Exercise brief:
Though the records contain pictures, copy none of them; repeat exactly the lines from the one with "Brian heats the" to the end.
*** Extracted material Section Begins ***
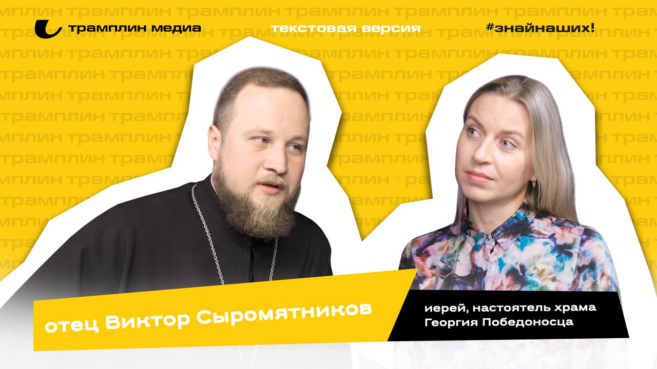 – Приветствую всех! Вы смотрите медиа «Трамплин», подкаст «Знай наших!». Сегодня у нас в гостях отец Виктор Сыромятников, иерей, руководитель пресс-службы и настоятель храма Св. Георгия Победоносца. Отец Виктор, здравствуйте, приветствую вас!
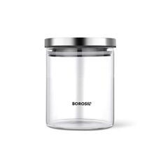 Borosil Classic Glass Jar, Air-Tight Storage Container For Kitchen, Glass Jar For Storing Spices, 600 ml, Clear
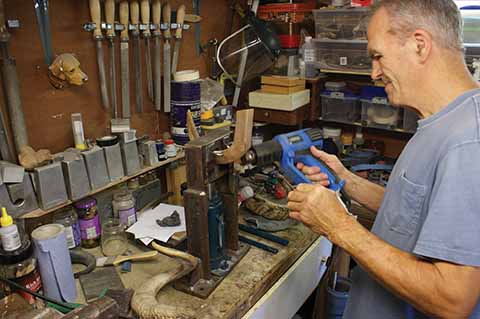 Brian heats the bulked horn so that he can work on it, about an inch at a time. It’s painstaking, time-consuming work – too cool and the horn won’t respond, too hot and it becomes brittle and cracks.
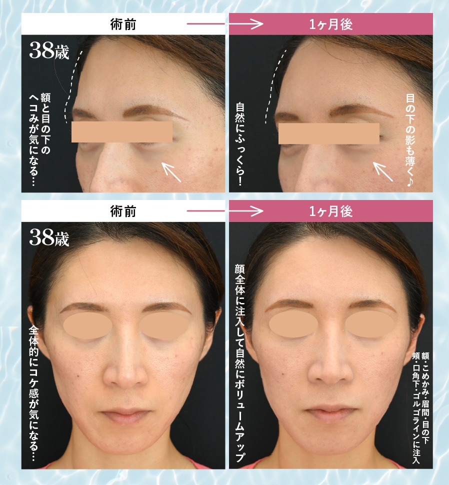 注入後3ヶ月~半年程かけて効果が現れるため自然な若返りが可能です。
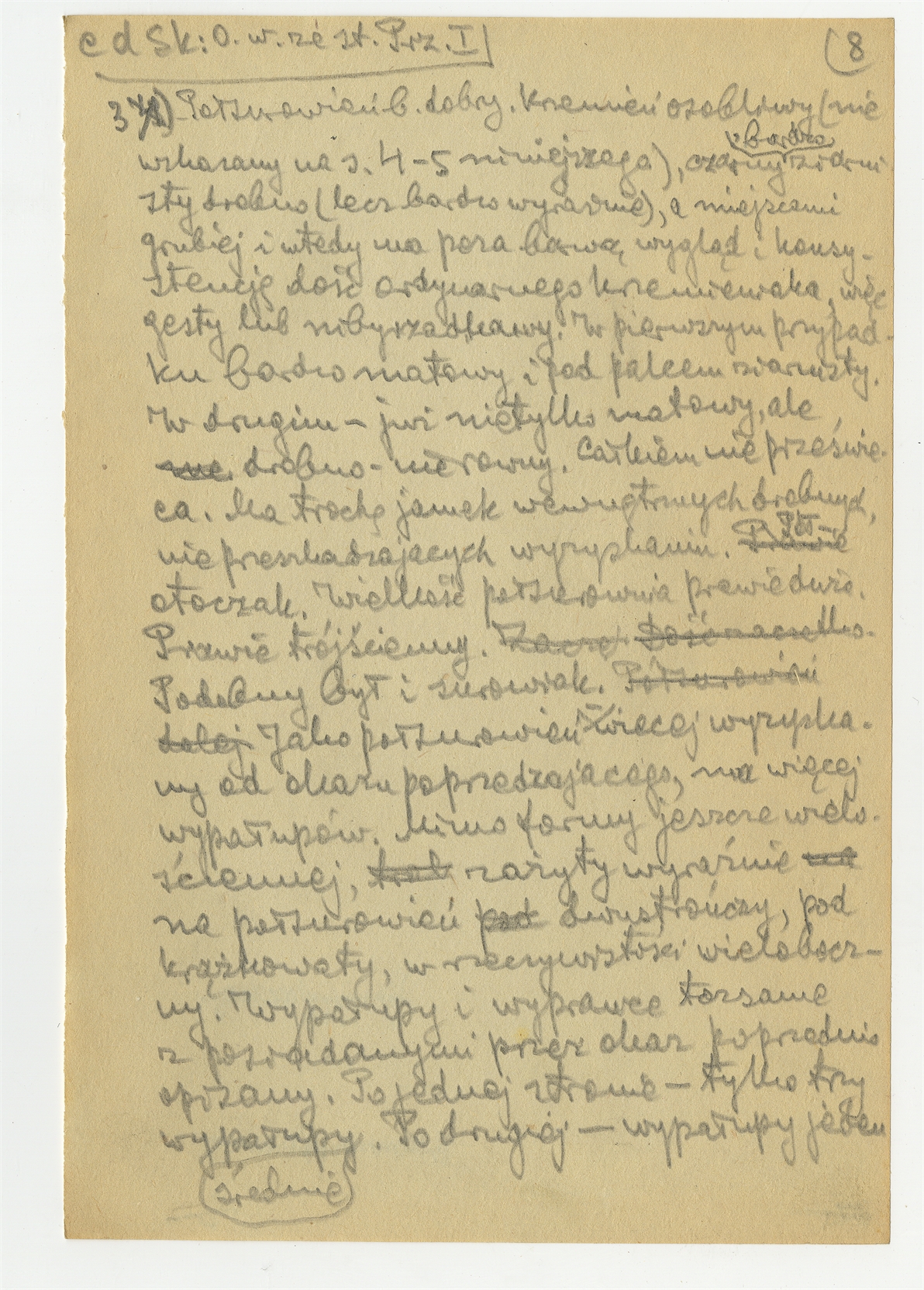 Rękopis pracy pt. "Materjał 1-y do Pasprzęt przemyski" - strona 14: "3. Półsurowień b. dobry (…)"
*** Extracted material Section Ends ***
Response to the task:
 Brian heats the bulked horn so that he can work on it, about an inch at a time. It’s painstaking, time-consuming work – too cool and the horn won’t respond, too hot and it becomes brittle and cracks.
 注入後3ヶ月~半年程かけて効果が現れるため自然な若返りが可能です。
 Rękopis pracy pt. "Materjał 1-y do Pasprzęt przemyski" - strona 14: "3. Półsurowień b. dobry (…)"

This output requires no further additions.